Abstact

Zinc (Zn(2+)) plays essential roles in a plethora of physiological processes, including key functions as a neuromodulator. The zinc-activated channel (ZAC) belongs to the Cys-loop receptor (CLR) superfamily of pentameric ligand-gated ion channels, which also comprises receptors for the important neurotransmitters acetylcholine, serotonin, GABA and glycine. In contrast to these classical CLRs, which have been extensively explored over decades, ZAC remains poorly characterized despite its potential significance in mammals. Here, we present several cryo-EM structures of human ZAC, including the ligand-free resting state, the Zn(2+)-bound state, and several antagonist-bound states. In the Zn(2+)-bound structure, Zn(2+) ions bind to the subunit interfaces of the extracellular domain, corresponding to the canonical agonist-binding sites in the classical CLRs, and are primarily coordinated through cation‒pi interactions with two aromatic residues.
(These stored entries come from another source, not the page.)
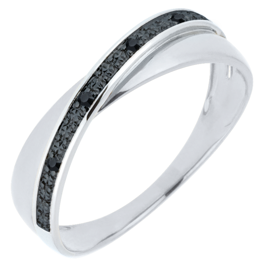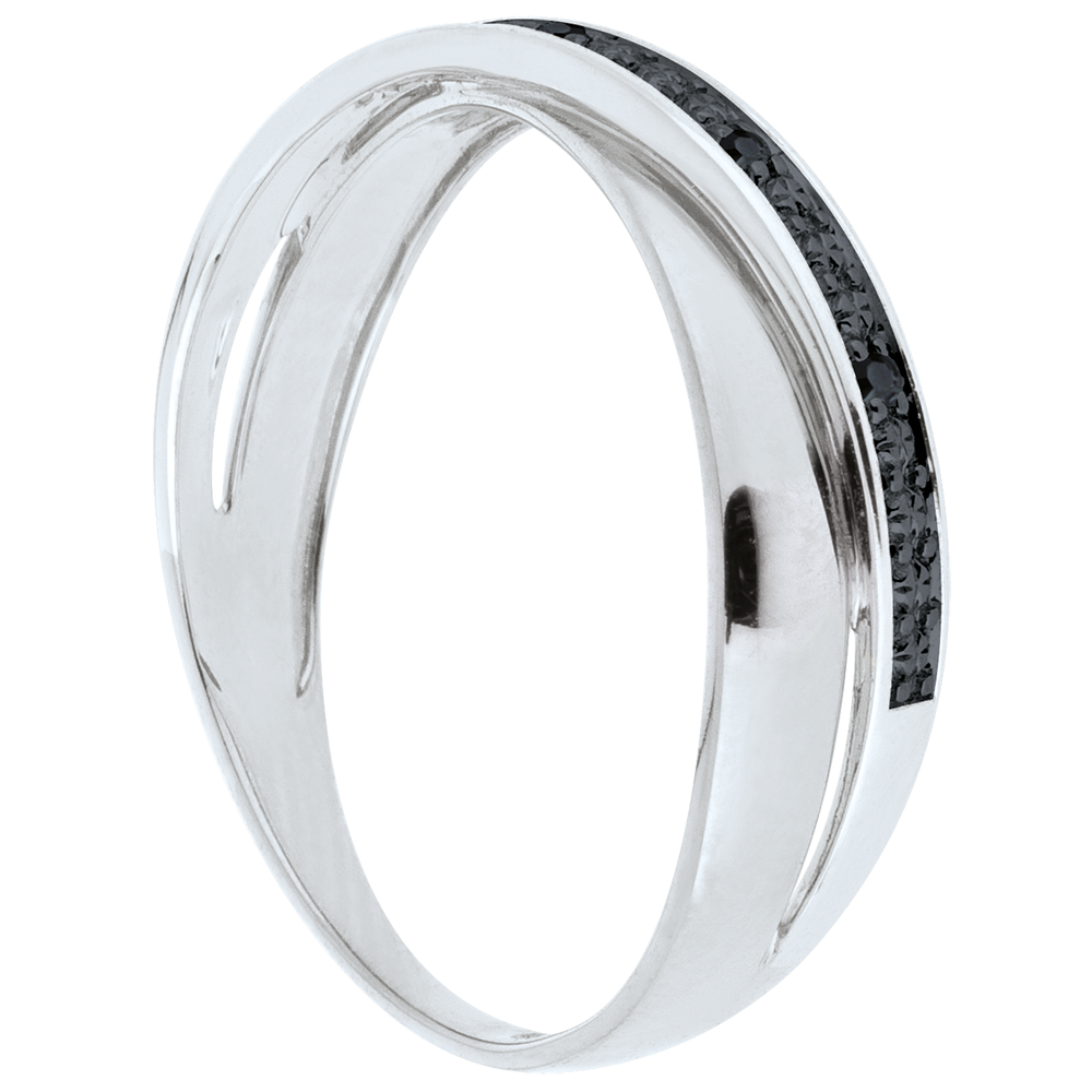 Obrączka ze złota przecięta obrączką wysadzaną czarnymi diamentami. Niepowtarzalna i wyjątkowa obrączka ślubna.
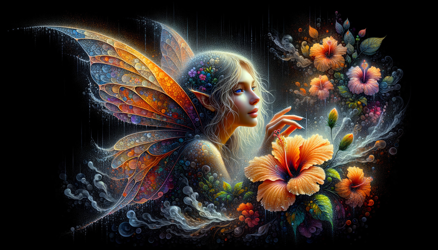 Visualize an (((ultra detailed fairy))), its hyperdetailed eyes and intricate wing feathers, sipping nectar from a hibiscus flower, Raindrops keep falling on her head, set against a (black background) with an (advanced artist's attention to detail), she is enjoying the summer rain, art by Jean Baptiste Monge, Carne Griffiths, delicate features, impressionistic floral patterns, warm tones, fair skin, ethereal glow, dream-like portrait, voluminous long flowing hair, piercing blue eyes, light makeup, small well-defined nose, full pink lips, painterly orange hibiscus, swirling array of flowers, abstract shapes, orange, pink, red, purple shades, misty/frosted glass effect, lush wet garden atmosphere, realistic figure with impressionistic background, whimsical composition; Masterpiece, intricate Dada art, delicate glass string art, 3D texture brushlines, pink, orange, lemon, violet, and yellow, and complementary colors, ethereal aesthetic, pale skin, delicate facial structure, elaborate swirls, abstract space, artistic fantasy, detailed and textured, vibrant colour palette, cascading raindrops, wet hair strands, expressive eyes, emotive facial features, flowing red locks, enjoyment, dramatic atmosphere, stormy skies and blurred rain in background, intricate brushwork, rich colour palette, dynamic lighting contrasts, masterful realism, evocative mood, emotional depth.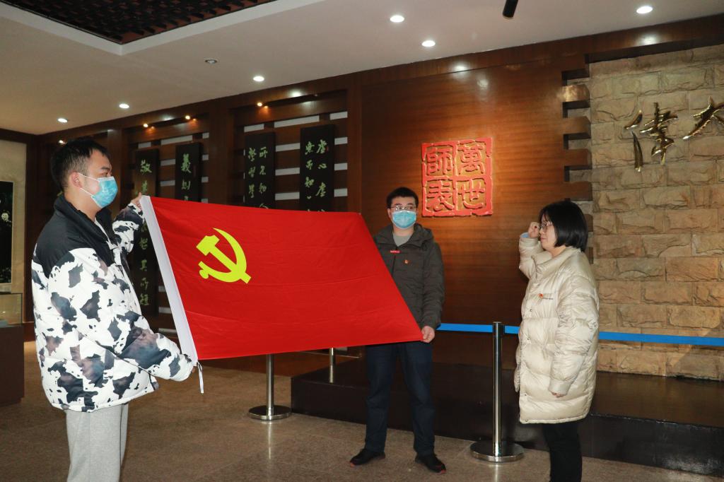 最后,在党旗和陶行知先生的塑像前,新党员们跟随领誓人何艳同志完成了入党宣誓仪式。

While the antagonist TTFB inhibits ZAC by insertion between the transmembrane M2 helices of adjacent subunits, d-tubocurarine acts in a dual manner by blocking the channel and interfering with agonist binding. Combined with mutagenesis and electrophysiological analysis, these evaluations highlight the distinctive structural and functional features of this atypical CLR.